Değerli dostlarım, sevgili okurlarım,
Benim ve ekibimin Kudüs'te bulunduğumuz sırada Altılı Masa liderleri bir toplantı düzenlediler. Her ne kadar uzakta olsak da ülkemiz gündemini an be an takip etmekteyim. Yapmış oldukları uzun süren bir toplantı sonucunda üzerinde çalışmış oldukları 'Ortak Politikalar Mutabakat Metni'ni halka açıkladılar.
Üzerinde çalışmış oldukları dediğime bakmayın 240 sayfalık metinde üzerinde gerçekten çalışılmış bir proje bir fikir yok. Yok diyorum çünkü zaten vaat ettikleri şeyler AK Parti hükümeti tarafından hali hazırda icraata geçirilmiş şeyler.
Sağlık, eğitim, dış politika, iç politika gibi birçok konuda 2 binin üzerinde vaadi içeren maddeler süslü, yaldızlı laflarla köpürtülmüş ama altını dolduracak açıklama yok.
İktidara gelince ilk işleri Kanal İstanbul'u iptal edeceklermiş. Vatan ve milletin menfaatine atılan bu adımın hep karşısında olmuşlardı o nedenle şaşırmadık.
İstanbul Sözleşmesi tekrar gündeme gelecek bu konuya şimdilik yorum yapmıyorum.
Kayyum atanması uygulamasına son verilecek, OHAL işlemleri yargı denetimine bağlı olacak, özel yetkili mahkemelere son verilecek.

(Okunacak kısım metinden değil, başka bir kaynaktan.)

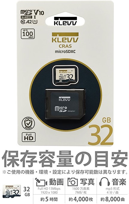 32GB microSDHCカード 32GB KLEVV マイクロsdメモリ 32G UHS-I U1 V10 A2 100MB/s SD変換アダプター付属 K032GUSD6U1-CA Nintendo Switch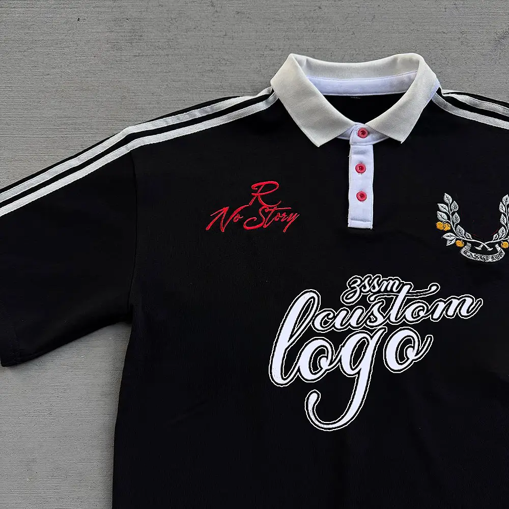 Custom Summer Heavyweight Cotton Sport Short Sleeve t Shirts Cropped Knitted Striped Boxy Embroidery Polo Shirts for Men

Bu maddelerle üstü kapalı,
KHK'dan kaynaklanan mağduriyetlere son vereceğiz maddesiyle de açık açık Fetöcülere göreve dönme vaadini görüyoruz. Metinden çıkan Fetö seviciliği daha şimdiden ülkeyi nereye sürükleyeceklerinin sinyalini de veriyor aslında.
Ortadoğu politikaları ile ilgili maddeleri hakkında yorumlarımı ise şu an yazmak istemiyorum çünkü yazım çok uzayacak ancak kısaca şunu söyleyebilirim ki bahsettikleri Ortadoğu Politikasi hayata geçirilecek olursa sınırlarımız milli güvenlik tehlikesi altına girer Pkk terörü yeniden hortlar.

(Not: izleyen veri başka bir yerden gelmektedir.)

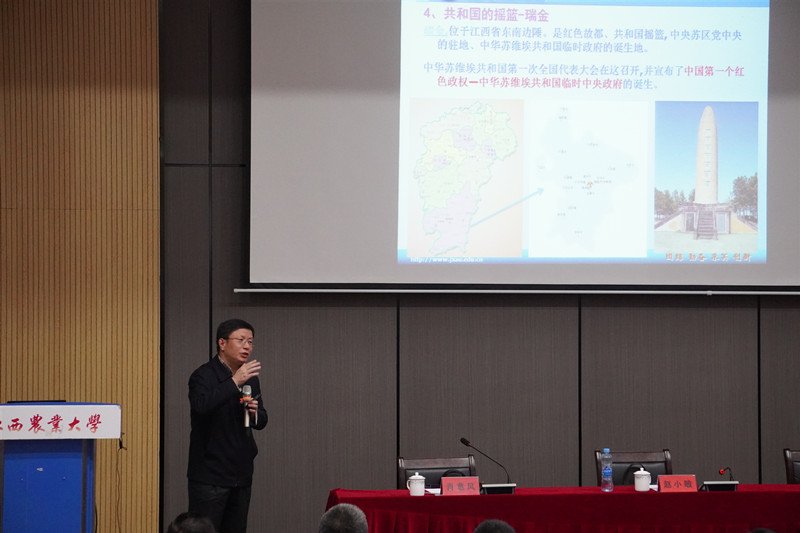 传承三色文化,感悟赣鄱红色历史。为了增进新生对江西历史文化的归属感与认同感,赵小敏为广大新生上了一堂生动细致、幽默有趣的公开课。他从“红色、古色、绿色”三个角度详细地介绍了江西省的“三色文化”,并阐述了自建党100周年后,江西省实现了“经济实力、人民生活、城乡环境”的三个历史性跨越与巨大成就。在介绍的过程中,赵小敏强调,作为赣鄱大地上的新青年,我们应继承江西革命精神与红色文化,树立远大理想信念,用自身与时代碰撞产生的跃动星火,助推江西省创新驱动发展。

Başka neler var açar okursunuz. Uzun bir metin. Sonuçta vaat bu, parayla değil ya 240 sayfa da yazarsın 1000 sayfa da.
Benim üzüldüğüm nokta yirmi yıl boyunca atılan adımların yok sayılması.
Ak Parti hükümeti ülkeyi IMF'den kurtardı, vesayetten kurtardı. Terörü bitirdi.
Sağlık alanında dünya ülkeleri arasında tercih edilen bir ülke haline geldik, teknoloji ve askeri atılımlarla dünyaya silah satıyoruz. Avrupa'da bile olmayan kapsamlı ev edindirme projeleri hayata geçirildi.
Engelliye, çocuğa, işsize, yaşlıya, dula, hastaya maaşlar bağlandı.
Sonuçta 20 sene önce bunların da zaman zaman koalisyonlarla dahil oldukları hükümetlerin batırdığı Türkiye bugün Avrupa'ya rest çeken güçlü bir ülke haline geldi.
Kısacası devletimiz bunların 2 bin maddede yapacağız diye atıp tuttukları bütün faydalı icraatları ve çok daha fazlasını yaptı, yapıyor.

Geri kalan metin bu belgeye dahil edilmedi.